Desde El Cedral hasta el centro de visitantes La Pastora se recorren  6 kilómetros (3 horas) por un camino de herradura. Durante esta caminata observamos distintas plantas, y uno que otro pajarito. Al principio creí que iba a ser un viaje  “imposible” yo pensaba  “tres horas caminado”, sinceramente me parecía imposible, ya que no acostumbro a ese tipo de experiencias, pero después de vivirla me di cuenta que valió la pena, y lo haría de nuevo si tuviera la oportunidad.
Después de la larga caminata llegamos al centro de visitantes (La Pastora) reposamos y almorzamos, debo recalcar que ya era justo y necesario, por el hambre que traíamos (por lo menos yo estaba muerta del hambre) no recuero exactamente que comimos, pero sí que estaba delicioso.
Luego  de alimentarnos empezó la guerra por el lugar donde íbamos a dormir, algunos  se quedaron en cabañas, yo elegí  acampar ya que nunca lo había hecho y quería probarme a mí misma hasta qué punto aguantaría el frio, ese frio del que ya me habían  hablado con anticipación.
Como pudimos, armamos las carpas en la zona que nos habían indicado, éramos 4 personas en la carpa y aunque estábamos un poco estrechas,  fue precisamente el calor humano  el que no permitió que esa noche nos diera hipotermia.
Esa misma noche tuvimos diversa actividades; desde senderismo hasta baño en la cascada, yo personalmente no me bañé  en dicha cascada, ya bastante  frío tenia, así que es actividad no la realicé, de camino a la cascada no pudimos observar mucha fauna, ya  estaba muy oscuro así que fue imposible, también estaba  liso el camino, pero afortunadamente no hubo ningún inconveniente. La llegar de la caminata nos recibieron con  una deliciosa taza caliente de agua de panela con queso. Estuvimos un buen rato cerca de una fogata en ese momento el calor corporal volvió a mi cuerpo.

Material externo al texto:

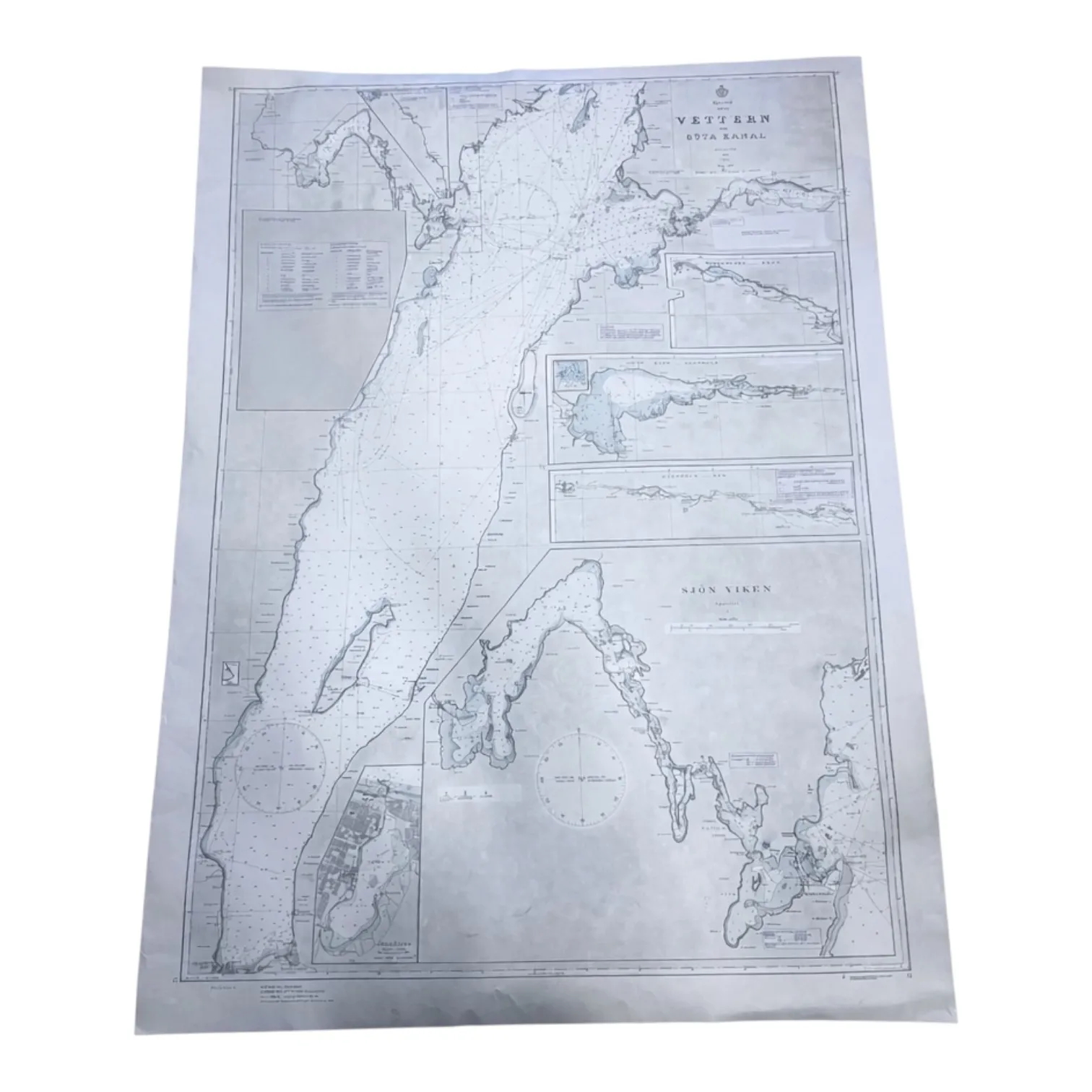 Sjökarta över Vättern samt delar av Göta kanal. Tryckt karta med detaljerade djupangivelser, farleder och hamnar. Med flera infällda delkartor över specifika områden.

 Después de ese agradable momento la idea era dormir, cosa que no sucedió inmediatamente, ya que tuve que lidiar con el insomnio de mis compañeras  de carpa.
 Al amanecer siguiente la idea era madrugar, para realizar avistamiento de aves; cosa que fue imposible, el  sueño y el frío  se negaron a ayudarnos. Así que esperamos pacientemente la hora del desayuno.

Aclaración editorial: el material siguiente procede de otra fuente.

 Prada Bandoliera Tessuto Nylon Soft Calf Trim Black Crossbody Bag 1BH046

Al llegar la hora del desayuno, nos alimentamos y se suponía que teníamos que bañarnos, cosa que yo personalmente no hice y no porque sea cobarde, pero en definitiva esa agua tan fría era para “meros” machos. Tuvimos nuestro rato de esparcimiento y nuevamente nos preparamos para  emprender camino, ahora era de bajada. La gran ventaja era que ya estábamos descansados y bien alimentados  y yo me había preparado para emprender de nuevo tres largas horas de camino.

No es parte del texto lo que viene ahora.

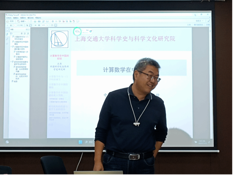 11月13日下午,电影天堂 科学史与科学文化研究院数学史团队邀请中国科学院自然科学史研究所王涛副研究员在学院A400会议室为研究院的师生做了题为“计算数学在中国的初创”的报告,讲座由萨日娜教授主持。电影天堂 纪志刚教授、吕鹏副教授、王宏晨博士后、Guilherme Luiz Grüdtner(丁海亮)博士后和数十名硕博士研究生参加,一起交流学习讨论。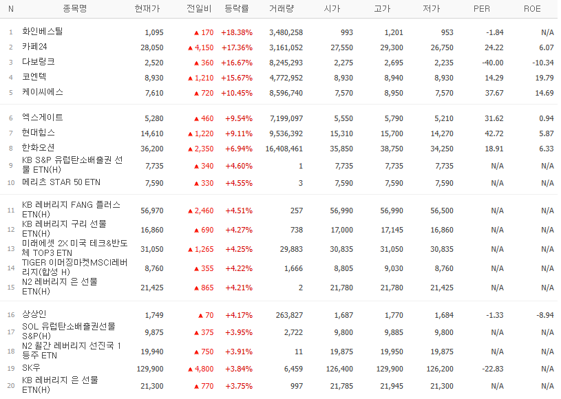 갭상승 종목중에서 전일 고가보다 당일 저가가 높은 종목 Top 10 (24.11.08(금) 종가기준)

Al llegar a el cedral, nos esperaba una chiva (sinceramente me volvió el alma al cuerpo) yo no quería seguir caminado estaba exhausta. No recuerdo  exactamente cuánto duro el recorrido  hacia el santuario de flora y fauna (Otún Quimbaya) pero si sé que fue corto. Teníamos calor (por lo menos los que no nos habíamos bañado). Llegaron  y nos ubicaron en las habitaciones, yo solo podía pensar en bañarme, así que me apresure lo más que pude para alcanzar un turno a rápido para bañarme. En el transcurso del día tuvimos diversas actividades, que por cierto fueron muy enriquecedoras, una de ellas fue en la noche, la idea era confiar en el compañero que nos asignaba el guía  y en medio de la oscuridad del camino nos fueron separando, el propósito del ejercicio  era activar todos los sentidos y percibir la riqueza que nos ofrece la naturaleza.  Yo estuve bastante nerviosa, pero debo agradecer  a mi compañera (Daniela Serna), fue lo suficientemente valiente y logro que yo me tranquilizara.







Esas como muchas otras experiencias vividas en La Pastora y en El Santuario de fauna y flora  las guardo en mi memoria, me siento feliz y satisfecha, aún falta mucho por vivir y conocer,  desde ya estoy preparada para lo que venga.